Work to be completed —
Exactly as written, reproduce the lines from the beginning of the data through the line containing "Eftir skoðunarferðir dagsins"; the pictures are not reproduced.

Excerpted data —
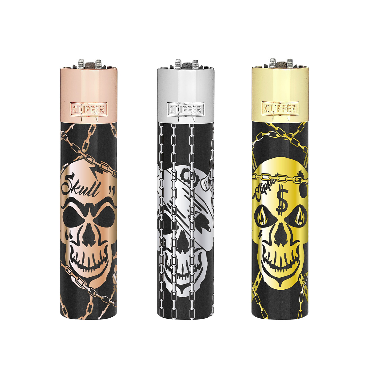 Briquet Clipper Metal Deadly Chains (coloris assorti). — Métal premium rechargeable
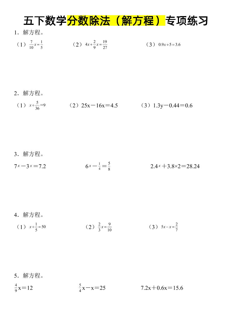 《数学分数除法(解方程)专项练习》
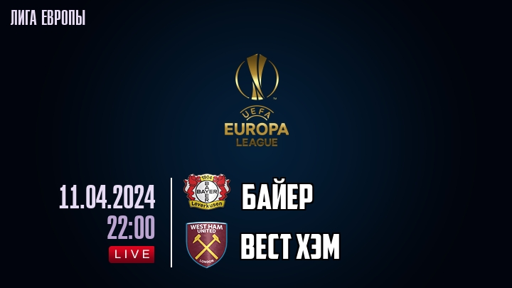 11 апреля 2024 года, состоялась онлайн трансляция футбольного матча между футбольным клубом Байер и футбольным клубом Вест Хэм, проходящего в рамках Лиги Европы.
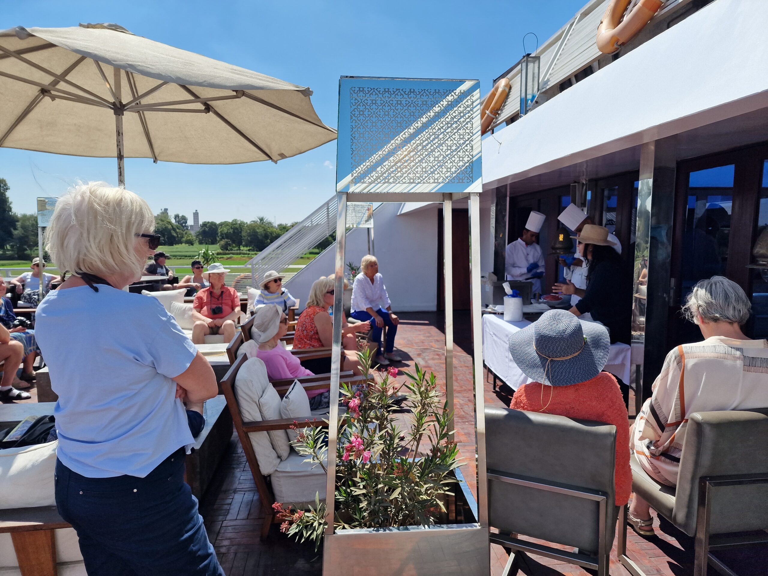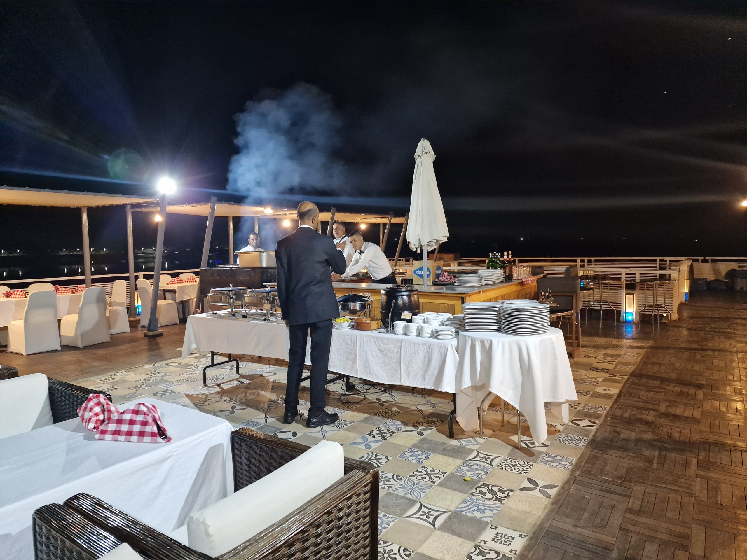 Eftir skoðunarferðir dagsins tékkum við okkur inn á MS Darakum Nile Cruise – 5 stjörnu fljótaskipið sem mun sigla með okkur gegnum Egyptaland næstu 13 dagana og borðum hádegisverð á skipinu.
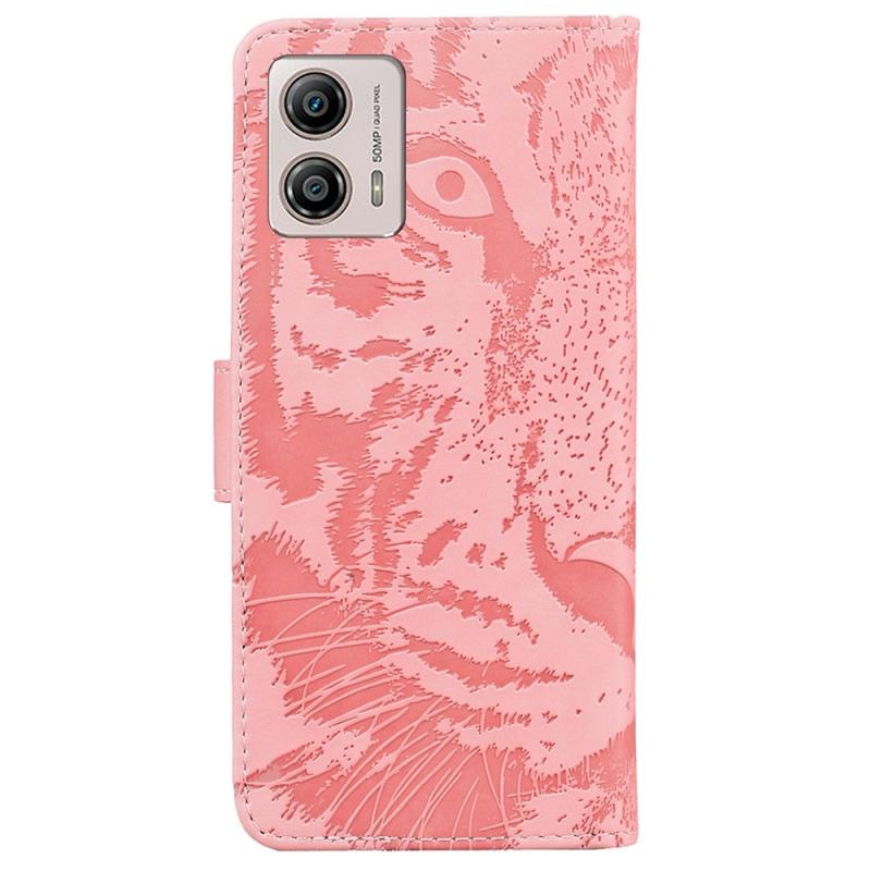 Θήκη τηλεφώνου δερμάτινη με ανάγλυφο μοτίβο τίγρης για Motorola Moto G13 / G23 / G53 (ρόζ)

Expected output —
 Briquet Clipper Metal Deadly Chains (coloris assorti). — Métal premium rechargeable
 《数学分数除法(解方程)专项练习》
 11 апреля 2024 года, состоялась онлайн трансляция футбольного матча между футбольным клубом Байер и футбольным клубом Вест Хэм, проходящего в рамках Лиги Европы.
 Eftir skoðunarferðir dagsins tékkum við okkur inn á MS Darakum Nile Cruise – 5 stjörnu fljótaskipið sem mun sigla með okkur gegnum Egyptaland næstu 13 dagana og borðum hádegisverð á skipinu.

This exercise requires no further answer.